• [Data to use]
# # # # #
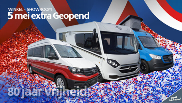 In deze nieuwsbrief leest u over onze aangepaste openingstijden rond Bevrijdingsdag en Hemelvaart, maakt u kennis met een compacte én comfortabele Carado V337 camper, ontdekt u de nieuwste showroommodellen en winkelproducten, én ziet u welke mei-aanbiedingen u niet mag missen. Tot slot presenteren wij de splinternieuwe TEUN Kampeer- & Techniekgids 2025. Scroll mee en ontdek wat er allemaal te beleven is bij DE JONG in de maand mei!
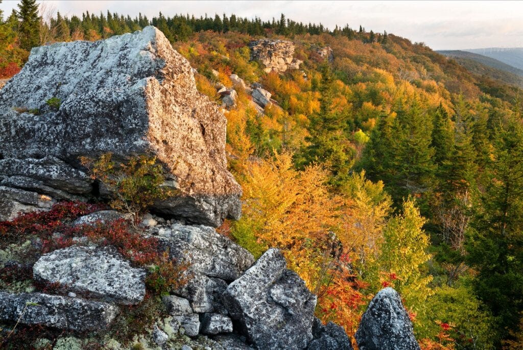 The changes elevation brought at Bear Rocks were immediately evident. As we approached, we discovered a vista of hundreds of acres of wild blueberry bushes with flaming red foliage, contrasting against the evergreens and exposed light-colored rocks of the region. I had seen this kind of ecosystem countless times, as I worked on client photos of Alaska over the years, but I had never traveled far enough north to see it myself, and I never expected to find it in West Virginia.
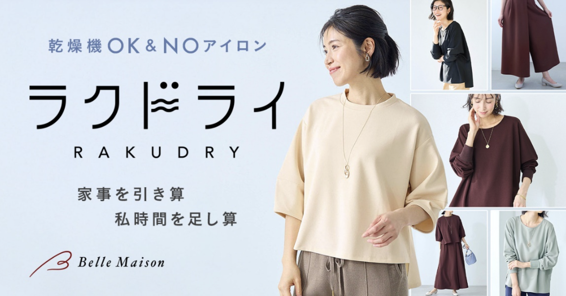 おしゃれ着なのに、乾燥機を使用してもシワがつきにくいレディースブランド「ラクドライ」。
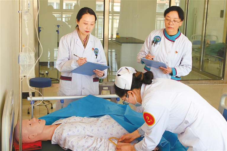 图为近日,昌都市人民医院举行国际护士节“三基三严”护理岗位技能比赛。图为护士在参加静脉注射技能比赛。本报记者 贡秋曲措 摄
# # # # #
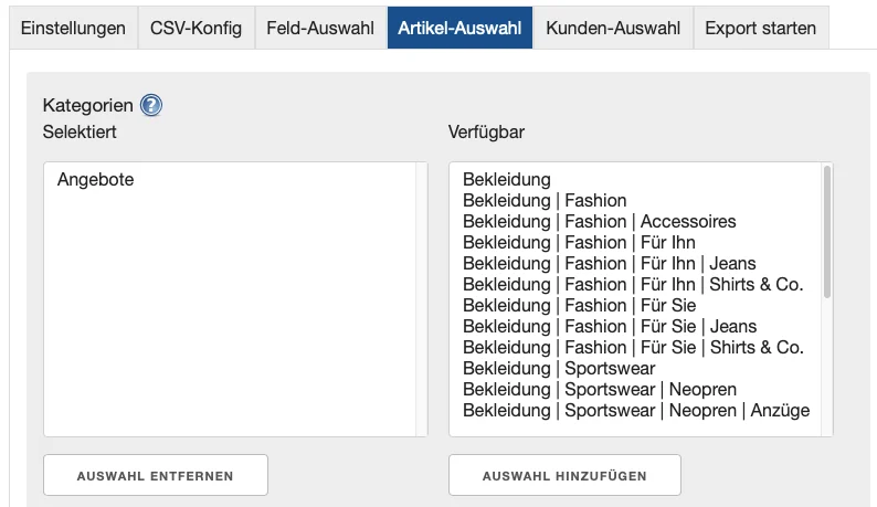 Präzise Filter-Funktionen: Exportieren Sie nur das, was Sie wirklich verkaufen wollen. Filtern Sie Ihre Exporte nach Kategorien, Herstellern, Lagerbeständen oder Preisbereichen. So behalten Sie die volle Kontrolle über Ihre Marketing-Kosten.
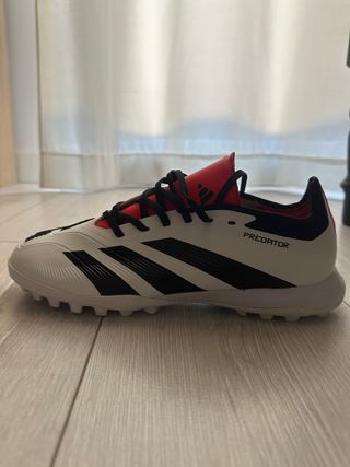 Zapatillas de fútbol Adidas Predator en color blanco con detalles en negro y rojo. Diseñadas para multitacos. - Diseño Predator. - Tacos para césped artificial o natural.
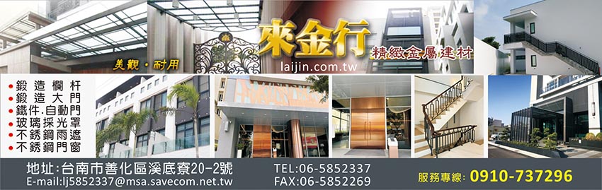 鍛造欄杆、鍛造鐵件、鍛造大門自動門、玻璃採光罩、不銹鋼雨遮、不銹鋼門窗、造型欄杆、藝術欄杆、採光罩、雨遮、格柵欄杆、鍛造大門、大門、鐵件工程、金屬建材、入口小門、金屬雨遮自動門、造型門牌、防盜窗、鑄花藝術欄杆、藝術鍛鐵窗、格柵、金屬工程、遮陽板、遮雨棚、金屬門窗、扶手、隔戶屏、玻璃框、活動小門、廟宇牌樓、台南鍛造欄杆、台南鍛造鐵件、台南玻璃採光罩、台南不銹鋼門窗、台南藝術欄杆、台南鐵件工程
# # # # #
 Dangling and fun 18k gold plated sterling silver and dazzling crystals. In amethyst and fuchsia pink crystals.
# # # # #
• [Your assignment] Using the records above, print exactly the run of lines that starts with the line with "Zapatillas de fútbol" and goes on through the line with "鍛造欄杆、鍛造鐵件、鍛造大門", pictures excluded.

• [Result of this task]
 Zapatillas de fútbol Adidas Predator en color blanco con detalles en negro y rojo. Diseñadas para multitacos. - Diseño Predator. - Tacos para césped artificial o natural.
 鍛造欄杆、鍛造鐵件、鍛造大門自動門、玻璃採光罩、不銹鋼雨遮、不銹鋼門窗、造型欄杆、藝術欄杆、採光罩、雨遮、格柵欄杆、鍛造大門、大門、鐵件工程、金屬建材、入口小門、金屬雨遮自動門、造型門牌、防盜窗、鑄花藝術欄杆、藝術鍛鐵窗、格柵、金屬工程、遮陽板、遮雨棚、金屬門窗、扶手、隔戶屏、玻璃框、活動小門、廟宇牌樓、台南鍛造欄杆、台南鍛造鐵件、台南玻璃採光罩、台南不銹鋼門窗、台南藝術欄杆、台南鐵件工程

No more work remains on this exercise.